On the one hand, LaJoe and others had sympathy for the police. What young cop, after all, would want to be stuck alone in a neighborhood like Horner after dark? The residents knew this and understood. It wasn’t safe for them. Why would it be safe for anyone else? In one nearby neighborhood, not too long ago, a youth got down on one knee, put a rifle up to his shoulder, yelled out the name of his gang, and then opened fire on a squad car. Most officers wouldn’t venture into Horner by themselves even during the day. Who could blame them?

But the residents didn’t fully trust the cops. For one thing, residents felt stuck in the middle between the drug gangs and the police. The cops came and went, but the gang members were there twenty-four hours a day, every day. It wasn’t a question of allegiance; it was common sense. Few residents, after all, would call 911 for fear that the gangs would discover that they had snitched.

But much of their wariness was rooted in the past. Memories died slowly. And Horner, like so many other inner-city black communities, had been a victim of the police’s overzealousness or brutality, depending on the way you looked at it. As early as 1968, the Kerner Commission, appointed by President Johnson to explore the problems facing the nation’s inner cities, characterized the relationship between the armed authorities and the black community nationwide as “explosive.” The antipathy of Henry Horner residents toward the police crystallized a year later, in 1969, when four young men were killed by the authorities. Their deaths forever changed the way people at Henry Horner viewed the police.
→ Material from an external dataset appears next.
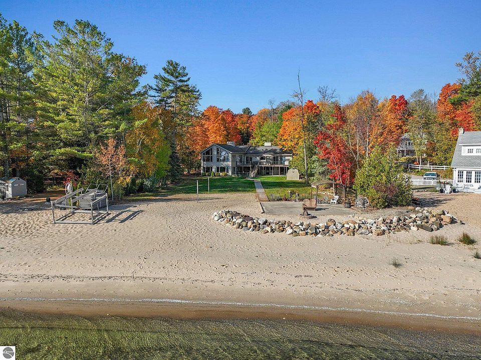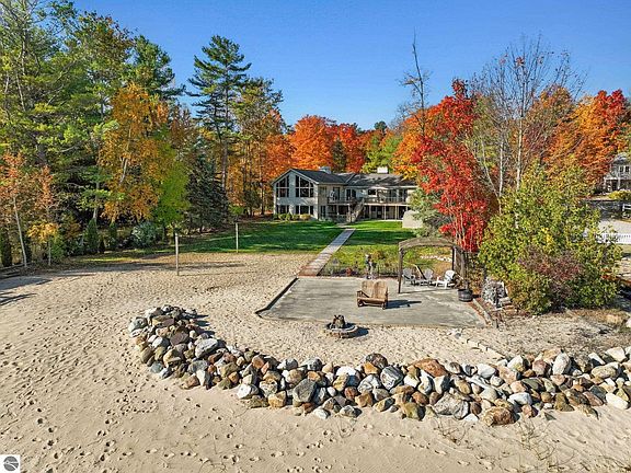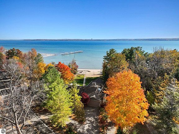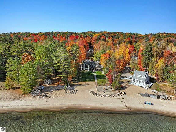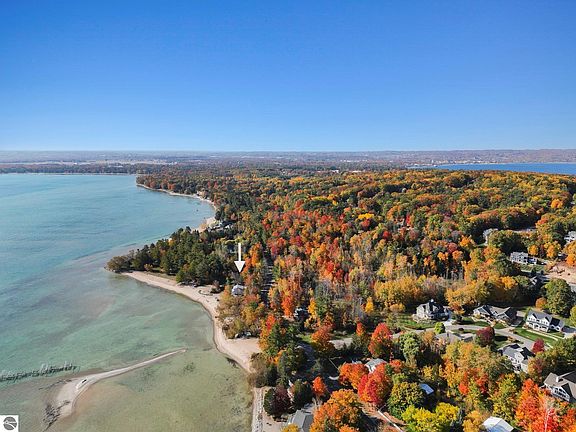 Searching for your dream waterfront retreat? Look no further! Featuring 99’ of coveted East Bay shoreline, this stunning property offers a rare sandy beach leading to a deep lot with lush green lawn. Nestled at the base of Old Mission Peninsula, its unrivaled natural beauty is matched only by its prime location just minutes from downtown Traverse City, schools, parks, & wineries. This home delivers the perfect blend of serenity & convenience. Once you arrive, you may never want to leave! Immediately you are greeted with panoramic water views that fill the open living area. Floor-to-ceiling windows, skylights, & a cozy gas fireplace create an inviting ambiance. The updated kitchen features an island, subway tile backsplash, herringbone plank flooring,& a walk-in pantry, all complemented by stunning views of the bay.The expansive deck extends your living space outdoors, leading to the lush green grass and sandy beach below.Truly an entertainer’s paradise.The main level also features a charming office with a gas fireplace, a convenient laundry room, & a lavish primary suite. Here, you’ll enjoy breathtaking bay views, deck access, & an updated en-suite bathroom, jetted shower, soaking tub, & a spacious walk-in closet.The lower level offers a versatile sunroom, additional spacious bedrooms, & a full bath. A unique rec room with a wet bar and fireplace is already plumbed for an additional 1/2 bath. The space also has direct access to the waterfront, making it ideal for an in-law suite. Outside, the landscaped grounds include a sprinkler system, volleyball court, garden area, concrete pad on the beach, & a storage shed, ensuring that the outdoor experience is just as exceptional as the interior. With meticulous attention to detail,updated trim throughout, & multiple living areas, this home embodies luxury, comfort, & unparalleled waterfront living. Don’t miss the rare opportunity to own your slice of paradise on East Grand Traverse Bay.

In the late 1960s, the nation’s black ghettoes were filled with rage and fury, a stark contrast to the resignation and personal excesses of the late 1980s. It was a period when people felt that they could do something, that they could find allies in the “system” to help make it work for them. And when that began to fail them, so did their hope and sense of justice.

First the War on Poverty, despite its grandiose intentions, flickered in its failures, and then the leaders, Malcolm X and Martin Luther King, Jr., were gunned down. White America seemed intent on ignoring pleas for equality in the schools, in
housing, and in health care. The Kerner Commission, which issued its report only months before Dr. King’s death, presciently warned: “Our nation is moving toward two societies, one black, one white—separate and unequal.”

During those years, the residents of Henry Horner, like many others, organized. They were galvanized by what they considered the neglect and outright exploitation of their community. Pressuring the federal government, they were able to get funds for the founding of a neighborhood health clinic, the Miles Square Health Center. They put pressure on schools, like Crane, to bring in more sympathetic principals. They helped get a swimming pool built at the Boys Club in 1967. And then, in the fall of 1969, residents demanded a traffic light.

Given all the turmoil of those years, it didn’t, at the time, seem an extravagant request. Washington Boulevard had become a virtual expressway for commuters driving from the Loop to the western suburbs, and because there was no traffic light for the one-mile length of Horner, motorists passed it at high speeds. Since the opening of school, two children had been hit by motorists. So it seemed reasonable to the parents in the neighborhood that the city install a traffic light; the city needed to do something to slow down the traffic. But the city refused. It would impede the flow of commuter traffic, officials said.